Такие школы, безусловно, есть, например, СПбГУ, МГУ, ГУВШЭ, ИСРАН, ИСПИРАН, в Поволжье, Сибири, на Урале. Наиболее мощные исследовательские социологические центры сосредоточены сейчас, естественно, в академических институтах и ГУВШЭ. Наиболее отчетливо выражена и мне ближе других социальная антропология СПбГУ и СГТУ. Ярче всего эти школы представлены в издаваемых журналах, крупных монографиях и учебных комплексах по итогам исследовательских проектов. Несмотря на географическую отдаленность, социологи многих региональных университетов демонстрируют профессионализм, включенность в мировое сообщество, ратуют за систему горизонтальных связей. Региональные центры без помощи центра находят зарубежных партнеров, обмениваются студентами, преподавателями, программами, ищут источники финансирования. Итог—внедрение курсов, соответствующих мировым образовательным стандартам. Однако опыт российских социологических исследований должен становиться еще более доступным. Социология уже получает обновленное содержание, так как всюду, где ранее имелись переименованные кафедры, она быта лишь сгыдливыш названием научного коммунизма.

— Насколько изменилась ситуация в российской социологии в конце 1990-х гг.?

Вроде бы социология в России испытывает ощутимый подъем: кроме разнообразных специализированных кафедр и советов по защитам диссертаций открылись социологические факультеты во многих региональных университетах, но выпускники ищут работу часто на стороне, ситуация напоминает мне выпуски

специалистов и магистров социальной работы. Устраиваются неплохо, но не всегда по прямому назначению. Лучше всего устраиваются в системе рекламы и маркетинге, в рыночных управленческих структурах, уходят в бизнес. Идут в аспирантуру, остаются преподавать совсем немногие, не очень-то престижна зарплата в вузе. Социологам нужна свобода научных суждений, но пока мало тем по критике неравенства, отчуждения, произвола, бюрократии, социальной аномии, нарушению прав человека, вездесущему расизму. Если же берутся за острые вопросы, то никто не гарантирует, что не найдется доброхот, желающий подвергнуть нежелательную тематику цензуре, диктату, остракизму.

— Как Вы оцениваете уровень современного социологического и антропологического образования за рубежом и в России?
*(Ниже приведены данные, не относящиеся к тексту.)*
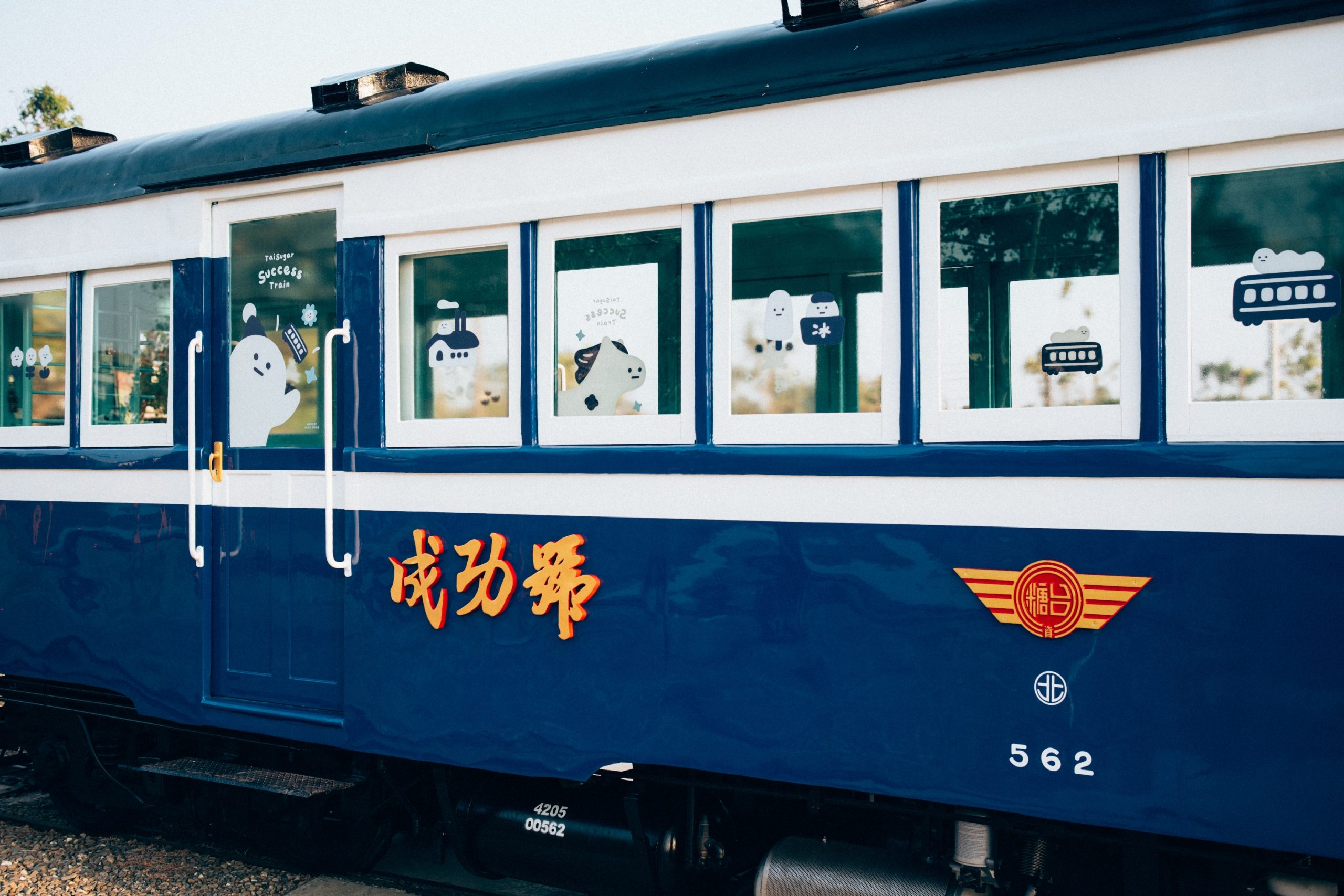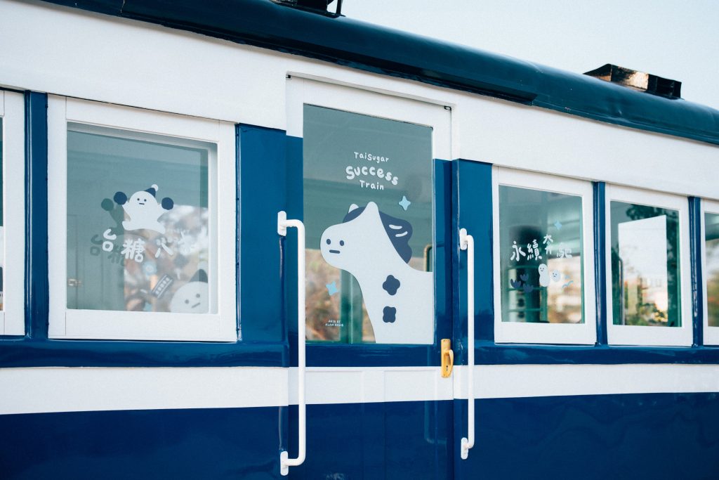 「成功號」與「勝利號」糖鐵五分車化身超萌車廂,圓潤、純白的AH!Q躍上車窗,帶領乘客穿梭於新營的城市與綠廊間。

Социология, как и вся академическая наука в целом, переживает дефицит материальных и символических ресурсов, а социальная антропология — очень привлекательная и перспективная специальность—оказалась без какой бы то ни было поддержки на уровне занятости, а теперь еще и стала предметом раздора между социологами и этнографами. Несмотря на это, социальная антропология и социология сегодня бурно развиваются в целом ряде российских университетов в условиях быстрого накопления интеллектуальных ресурсов, переводов зарубежной классики и современных изданий, обновления преподавательских кадров, интенсивной коммуникации с зарубежными коллегами, смены исследовательских приоритетов, ключевых направлений и тематизаций.
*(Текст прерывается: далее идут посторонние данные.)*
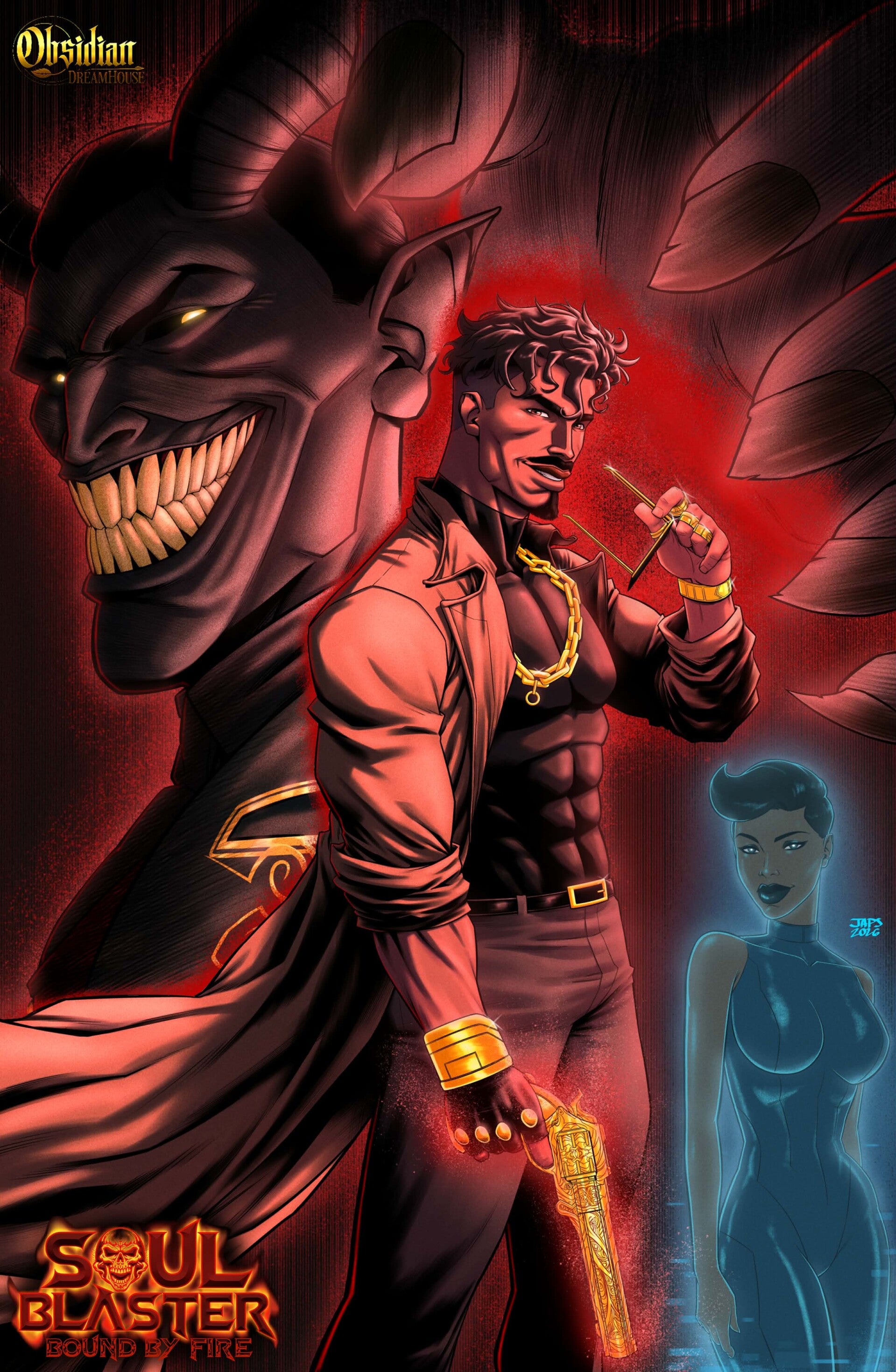 Bring the world of Soul Blaster to your wall with this striking collector poster. Featuring bounty hunter Coyote Treadway, the cursed Ender revolver, the sinister presence of Vakorr, and the holographic AI Vella, this artwork captures the dark sci-fi western tone of the series.

Проблема стандартизации социологического знания не может быть проблемой чисто государственного регулирования либо профессиональных конвенций. Сейчас предпринята попытка создания стандарта профессионального социологического образования как ядра профессии, принятого профессиональными экспертами, эта позиция отмечена в итоговом докладе руководства экспертного комитета НФПК. Два Федеральных центра повышения квалификации преподавателей социологии, созданные в Москве (РУДН и ИС РАН) и Санкт-Петербурге (СПбГУ), получили материальную базу, проводят сессии с привлечением российских и зарубежных специалистов и смогут стать эффективными с помощью работы консорциумов, специалистов вузов, академических институтов.

— Каково Ваше нынешнее восприятие атмосферы 1960-80-х гг. в Советском Союзе?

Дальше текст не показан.